The Slack Street recycling center hasn't been able to accept glass since it reopened in December, after being closed for months because of structural issues on the site.
When George Hunyadi, owner of West Virginia Recycling Services, took over the center in December, he wasn't immediately sure that it was practical to accept glass. It's heavy, and there's not a lot that can be done with it once it's been broken - he didn't want the county's glass to come through his facility only to end up in a landfill.
"But the number one question I got asked is 'why did you guys stop taking it?'" he said. "I've been receiving phone calls asking about it since Christmastime."
James Young, executive director of the Kanawha County Solid Waste Authority, said survey data backs that up.
"It's more of a public service than anything else," Young said.
The glass will be pulverized on site. That pulverized glass - about 3/8 of an inch thick at the most - will be available to the public for no charge. Anyone is free to come into the Slack Street Center and take some of the gravel-like crushed glass home with them.
"It's a variety of colors," Hunyadi said. "It's clear, brown, green... some of these bottles are blue. So altogether it's very attractive. People like the way it looks."

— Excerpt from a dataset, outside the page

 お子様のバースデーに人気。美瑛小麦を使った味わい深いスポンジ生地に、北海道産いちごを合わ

Eventually, the crushed glass will probably be used in place of gravel to pave roads or for other projects. Hunyadi is trying to avoid any disposal costs, so he's will to get rid of the crushed glass any way he can.

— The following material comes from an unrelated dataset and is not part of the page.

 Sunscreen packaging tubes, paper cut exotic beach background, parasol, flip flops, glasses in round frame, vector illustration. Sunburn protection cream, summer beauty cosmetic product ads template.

To recycle glass bottles and containers, bring them to the West Virginia Recycling Services center at 600 Slack St. The containers can be placed in a glass-specific bin alongside the other recycled materials being accepted there.
The facility is open from 7:30 a.m. to 5 p.m. on weekdays, and 8 a.m. to noon on Saturday.

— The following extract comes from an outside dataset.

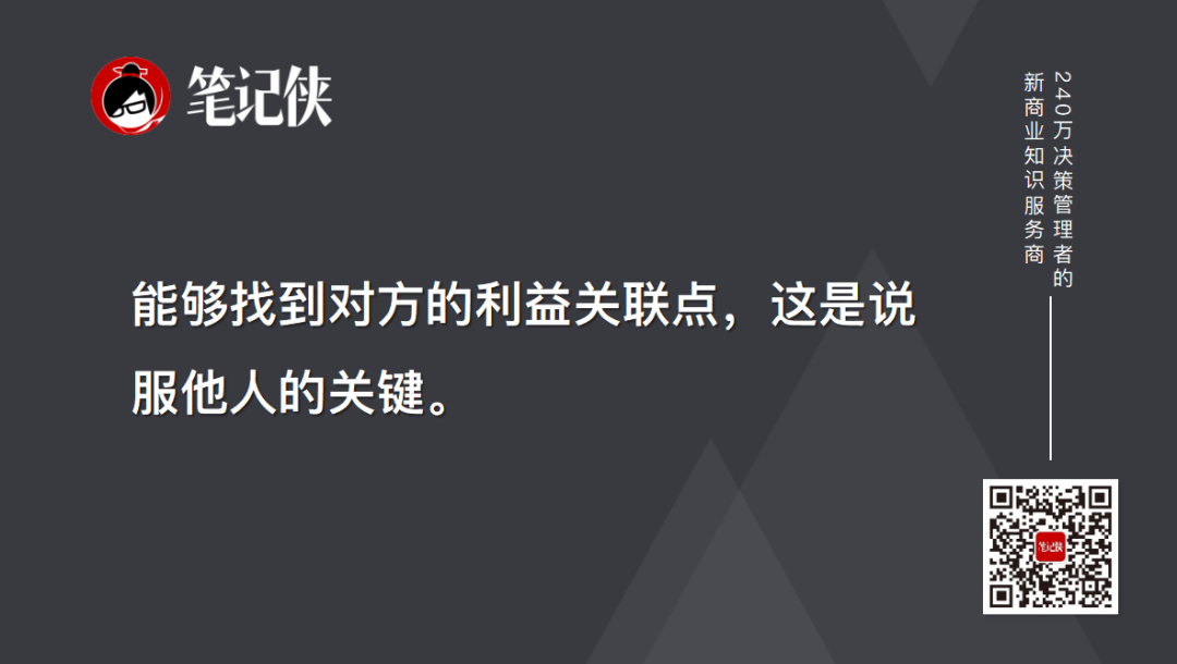 所有的这些,都需要你去说服对方。在这个过程中,我们不妨转变一下思路,这件令你困扰的事情会对他产生什么影响?是否会影响他的收益预期?真正站在对方的角度去发掘他的利益关联点。

Monday also marks the day the center will resume acceptance of recycled materials from local municipalities. Since the Slack Street Center was shut down, those municipalities have been forced to truck recycled materials to other, far-off locations.
"So that's going to start taking a lot of the burden off the cities," Young said. "It's a good day for the residents but also really for those municipalities that have had to do that for so long."